● TO DO:
In the entries below, find the line with "今日の社会科の学習では、「江" and the line with "深切哀悼 FL SUCCESS", then retype both and everything between them exactly. Do not copy the pictures.

━━━ GIVEN RECORDS

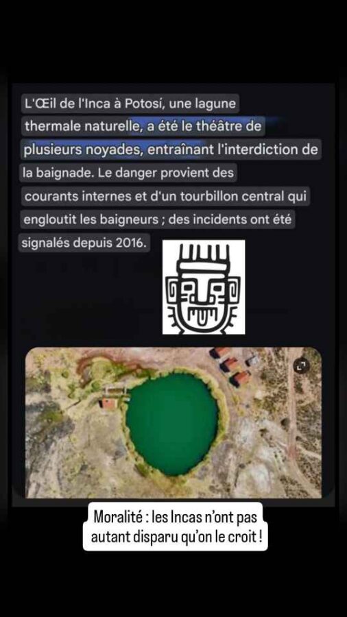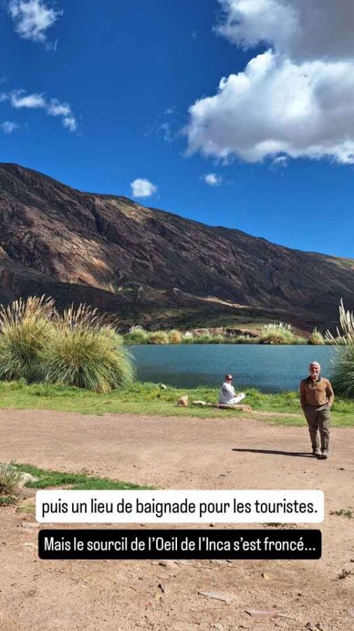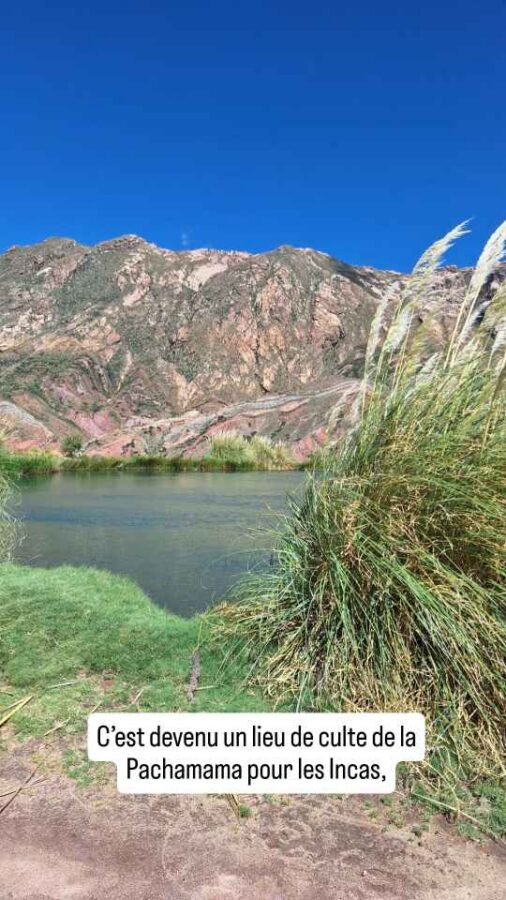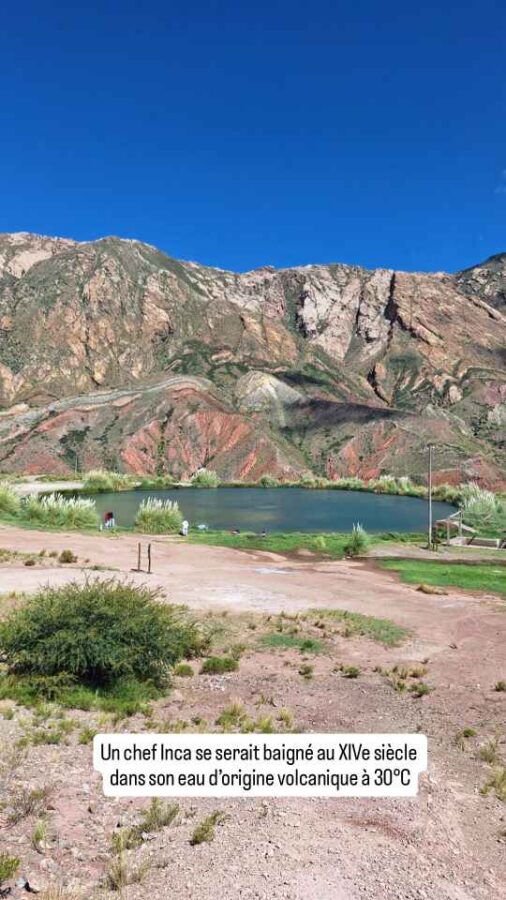 Toujours dans cette région aux superbes montagnes multicolores, nous approchons d’un lieu un peu particulier appelé « l’œil de l’Inca ». Il s’agit d’un tout petit lac circulaire d’à peine 100 m de diamètre au fond duquel jaillit une source chaude. Un chef Inca aurait découvert le lieu au XIVe siècle et s’y serait baigné pour soulager quelque problème de santé. C’est après cette visite qu’il aurait fait retravailler les berges du lac pour qu’elles forment un cercle presque parfait, digne de convertir l’endroit en lieu de culte de la Pachamama et autres divinités inca. Voilà pourquoi l’œil de l’Inca surveille maintenant tous ceux qui passent. C’est peut-être lui qui génère régulièrement des tourbillons qui aspirent régulièrement des touristes venus profiter de l’eau à 30°C. Après quelques décès par noyade, le lieu est désormais interdit à la baignade et le gardien se targue d’un diplôme de maître-nageur sauveteur. Deux précautions valent mieux qu’une !
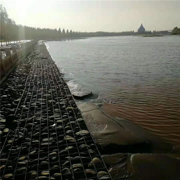 六角网组装成箱笼状,在工程现场向箱笼内填充一定规格的,满足一定要求的石料,以形成自透水的、柔性的、生态的防护结构。
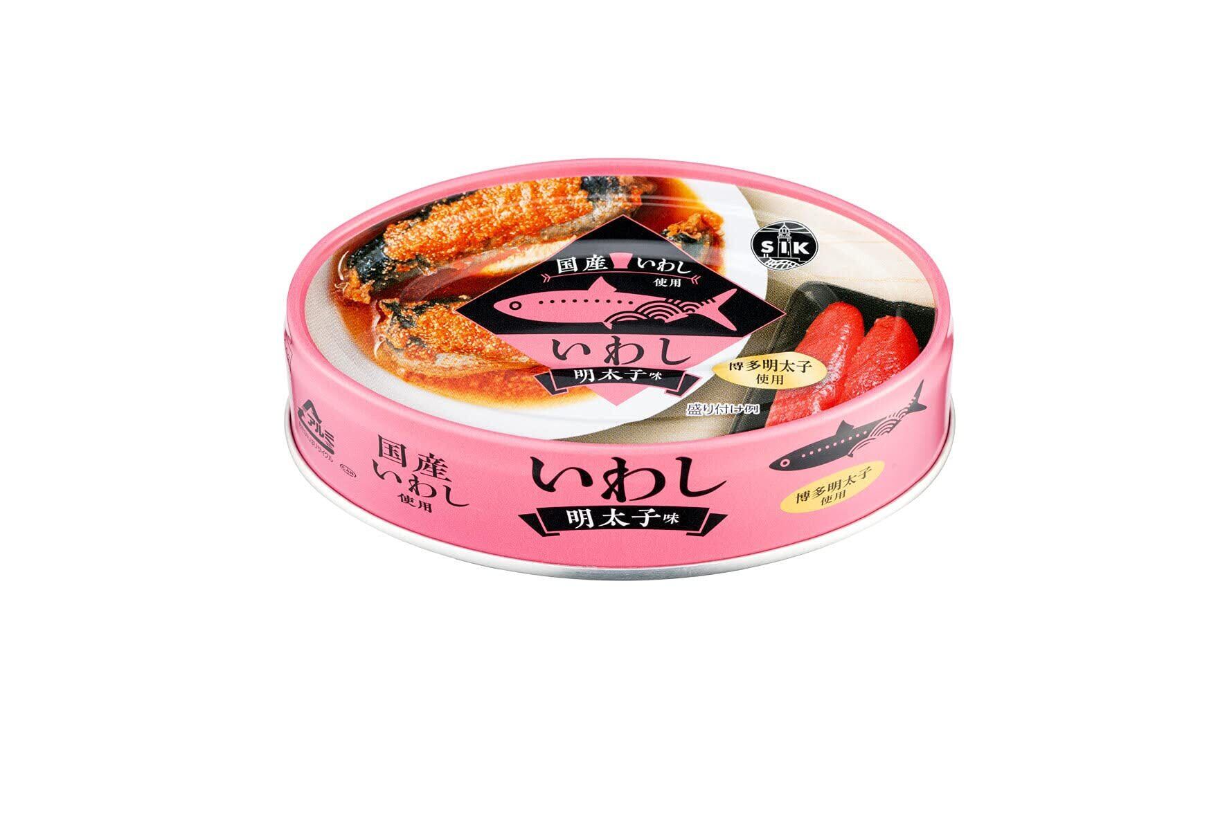 原材料:いわし(国産)、唐辛子調味料、辛子明太子、調味料 栄養成分表示(1缶100g当たり):エネルギー196kca、たんぱく質16.6g、脂質11.7g、炭水化物6.0g、食塩相当量1.7g
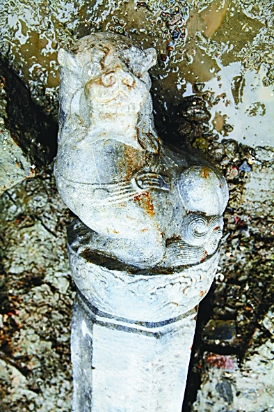 黄泗浦遗址宋代河道底部石栏杆上的石狮。
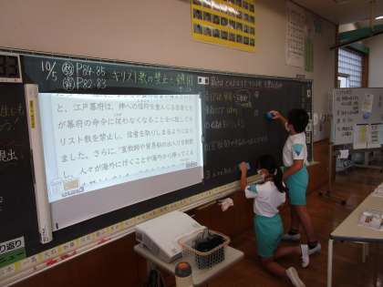今日の社会科の学習では、「江戸幕府がどのようにしてキリスト教を禁止にしたのか」について調べました。調べて分かったことや疑問に思ったことをみんなで共有して、確認しています。
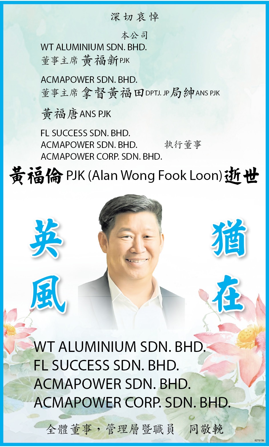 深切哀悼 FL SUCCESS SDN BHD, ACMAPOWER SDN BHD, ACMAPOWER CORP. SDN BHD 执行董事 黃福倫PJK ( ALAN WONG FOOK LOON)往生 董事部 、管理层暨全体职员 同敬輓
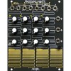 Pressure Points is a controller module, an analog sequencer that is played by hand. Touching the gold plated copper wires (aka Touch Plates), you become part of the circuit, generating a gate signal (Gate OUT), a control signal proportional to the amount of pressure applied (Press OUT) and the 3 Tuned Voltages for the activated Stage. – The Gate signals may be used to turn portions of a patch ON/ OFF, generate Timing Events within a patch or to Trigger a Function Generator such as MATHS – The PRESSure signals may be used to add expression to a patch by varying Pitch or Timbre in real-time, based upon the artist’s input – The Tuned Voltages may be used to play the Pitch of a sound in a traditional melodic fashion, Program Chords or Timbral shifts (aka Presets) – Up to 6 may be CHAINed together (using CHAIN Cable), to create controllers of varying size and complexity – All outputs are capable of driving a passive 4 way mult without loading effects (no buffered mult needed) – Expansion port allows for sequential control via the BRAINS expander module – Pairs well with MATHS
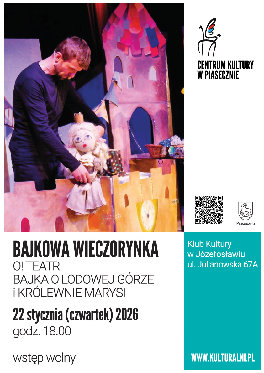 22 stycznia 2026 roku o godz. 18.00 w ramach Bajkowej Wieczorynki wystąpi O! Teatr, który przedstawi przedstawienie pt.: Bajka o lodowej górze i królewnie Marysi. Wstęp wolny. Miejsce: Józefosław, Klub Kultury, ul. Julianowska 67 A.
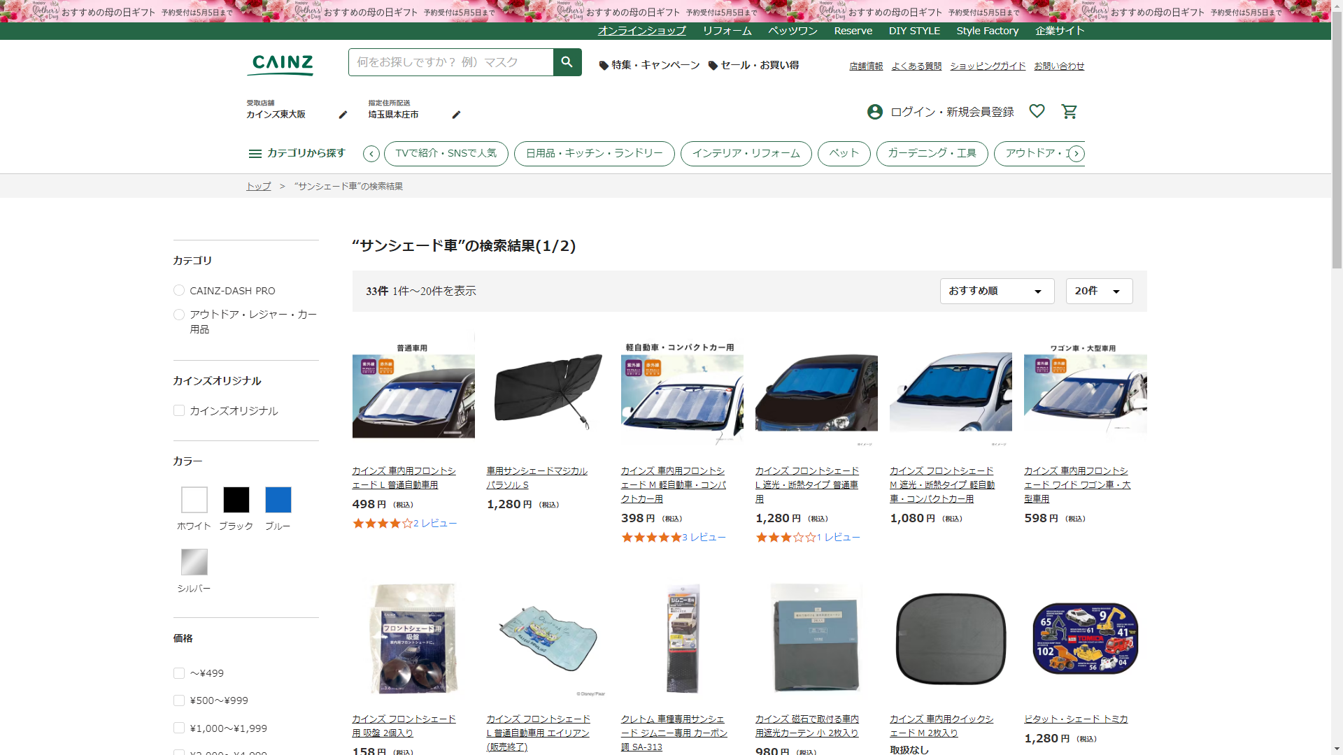 サンシェード車はCAINZに売っています
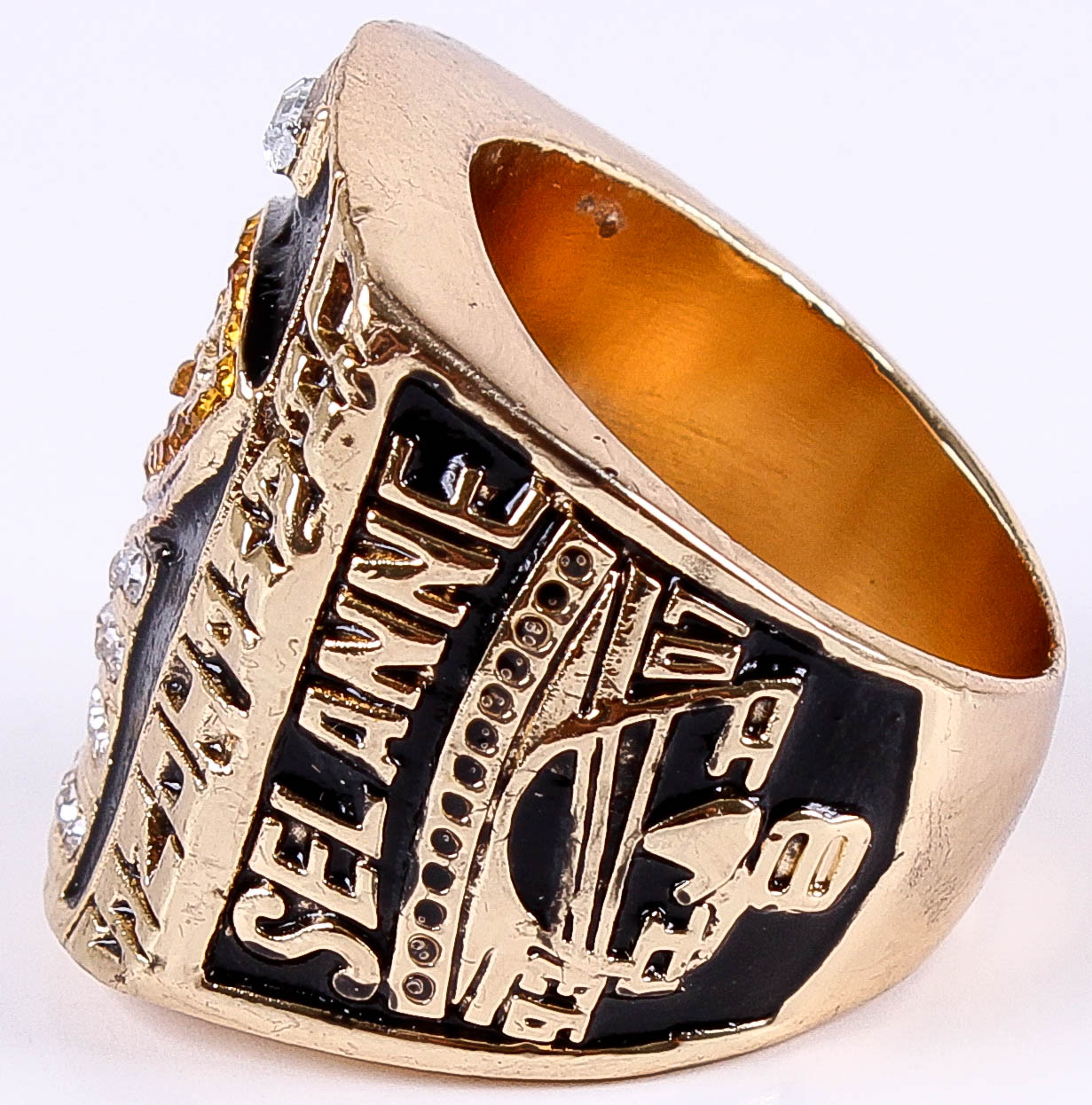 Teemu Selanne Ducks High Quality Replica 2007 Stanley Cup Championship Ring. The ring has been hand crafted by professional jewelers. Made of metal alloy and clad with 18k gold. Size 12.

━━━━━━

● REPLY TO THE TASK:
今日の社会科の学習では、「江戸幕府がどのようにしてキリスト教を禁止にしたのか」について調べました。調べて分かったことや疑問に思ったことをみんなで共有して、確認しています。
 深切哀悼 FL SUCCESS SDN BHD, ACMAPOWER SDN BHD, ACMAPOWER CORP. SDN BHD 执行董事 黃福倫PJK ( ALAN WONG FOOK LOON)往生 董事部 、管理层暨全体职员 同敬輓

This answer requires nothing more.